You also pointed out the inconsistency between the government's recommendations in the 2018 report by the Department of Innovation, Science and Economic Development, which reflected all that drive to stimulate the biotech innovation sector, and a reform that is strictly in the hands of Health Canada. As Ms. Perrault said earlier, the department has only a perspective in a vacuum, whereas we should have a broader understanding of the life sciences and take action on all levels.
What people want—I imagine it is what you want too—is to set up a roundtable. However, would you agree to a compromise, a phased implementation? It would mean going ahead with the reference list of countries, which appears to be a concession, from what I've seen in a number of papers, and establishing the roundtable, then sitting down and discussing the rest of the issues.
Would you agree to that proposal, Ms. Fralick?
Yes, I do believe we need to move forward. They might not be perfect, but they're progress and that's what we need.
Mr. Davies, I'd like to answer your question, but I just want to say one thing.
Ms. Rempel Garner, I appreciate your calling my testimony today “compelling”. As a patient, I'm not here to be compelling. I, too, run an organization and sometimes I feel that I am dismissed because I tell a story, but I tell the story that everybody at this table serves. We are the customer of this product.

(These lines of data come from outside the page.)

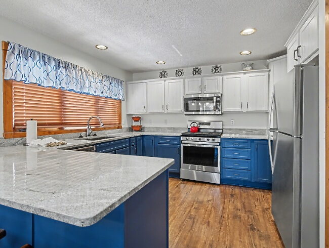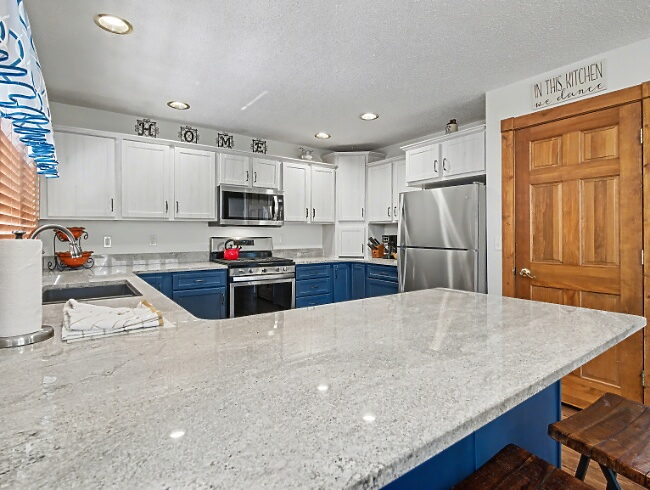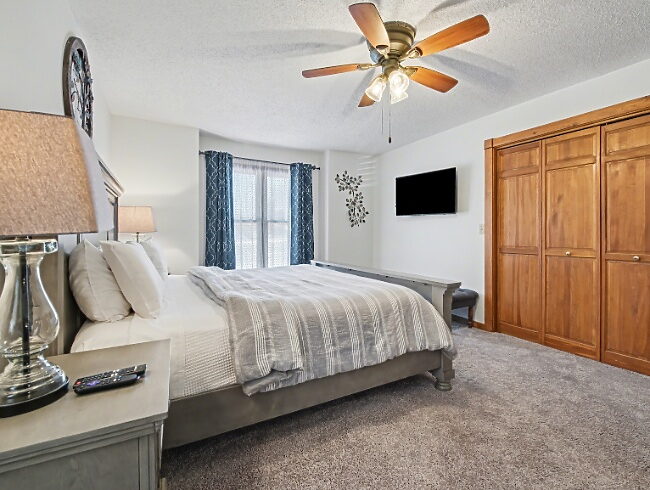 This 5-bedroom 4-bathroom easy access home is conveniently located in the core of the resort. The master suite has a king bed and a private bath with oversized jetted tub and is located on the main level of the home. A second bedroom is located on the main level and has a shared bath. The upper level consists of an oversized bedroom with a king bed and a private bath. Two additional bedrooms are located in the lower level, one with a queen bed and a second with two queen beds, featuring a shared bath.
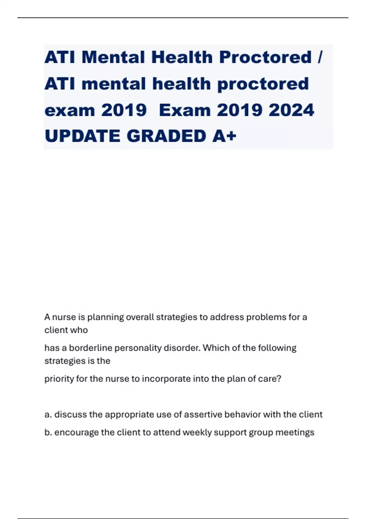 ATI Mental Health Proctored / ATI mental health proctored exam 2019 Exam UPDATE GRADED A+ A nurse is planning overall strategies to address problems for a client who has a borderline personality disorder. Which of the following strategies is the priority for the nurse to incorporate into the plan of care? a. discuss the appropriate use of assertive behavior with the client b. encourage the client to attend weekly support group meetings c. assist the client to maintain awareness of her thoughts and feelings d. implement measures to prevent intentional self-inflicted injury - ANSWER-d. implement measures to prevent intentional selfinflicted injury A nurse is admitting a client who has a generalized anxiety disorder. Which of the following actions should the nurse plan to take first? a. Provide the client with a quiet environment b. Determine how the client handles stress. c. Teach the client to use guided imagery. d. Ask the client to identify her strengths - ANSWER-a. Provide the client with a quiet environment A nurse is conducting an admission interview with a client who is experiencing mania. Which of the following should the nurse report to the provider? a. States that he hasn't bathed in 2 days b. Reports eating twice in the past two weeks. c. Makes inappropriate sexual comments. d. Speaks in rhyming sentences. - ANSWER-b. Reports eating twice in the past two weeks.
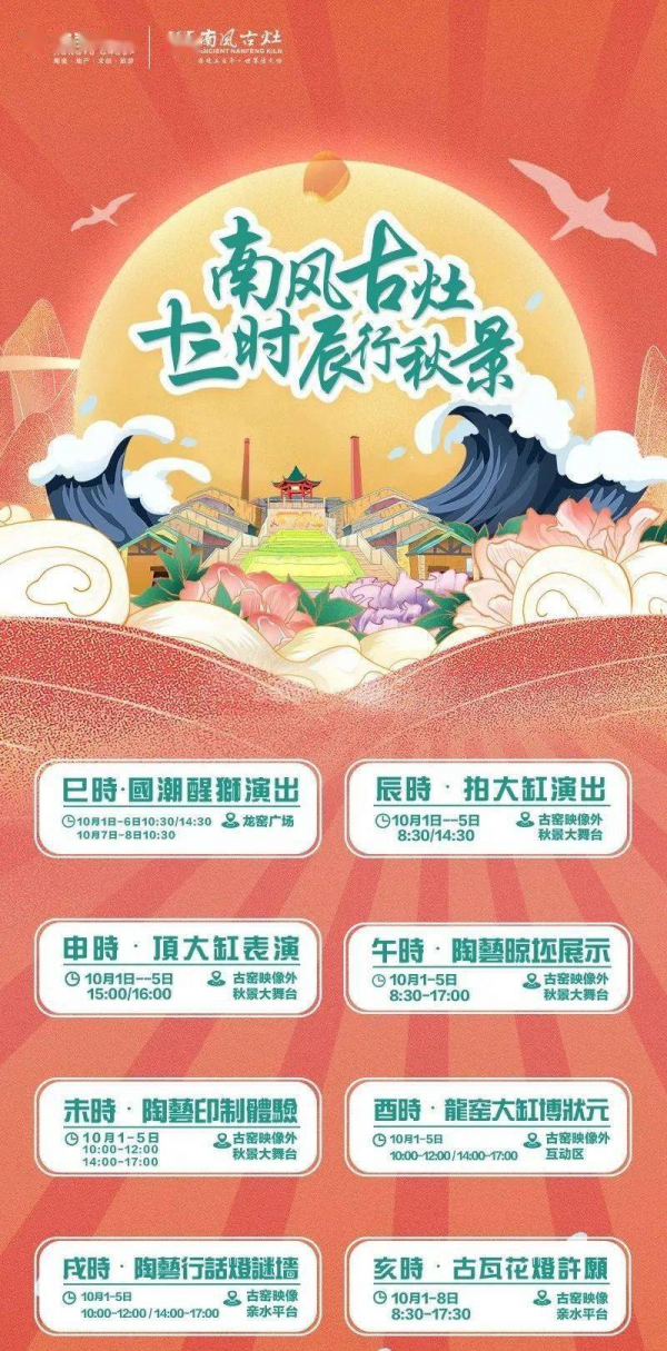 10月1日—8日在大盆行秋景舞台将上演十二时辰行秋景。10月1日—5日南风古灶则每天为大家带来八个精彩的传统技艺表演和活动。其中有“辰时·拍大缸”、“申时·顶大缸”、“戌时·龙窑大缸聚宝气”、“亥时·龙窑大缸博状元”、“巳时·国潮醒狮表演”、“戌时·陶艺行话灯谜墙”等。游客可以通过观看现场表演和参与活动领略这项传统技艺,体会文化传统。
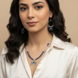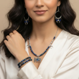 A handcrafted jewelry set inspired by ancient symbolism, featuring deep blue natural stones and silver-toned charms, centered with the Eye of Horus. A refined piece that blends protection, strength, and timeless elegance.

Somebody once said to me that our story is a bit like being suddenly cast adrift in a vast and stormy sea in a lifeboat surrounded by unmarked ships that are being piloted by either the Mexican drug cartels or the Coast Guard, but there is no way of knowing which is which. Sometimes that's how we feel, with government on one side and pharma on the other. Even within the advocacy space, we need to know that we are being supported and that our children and our patients are being protected.
For that reason, I do feel that we need to move forward.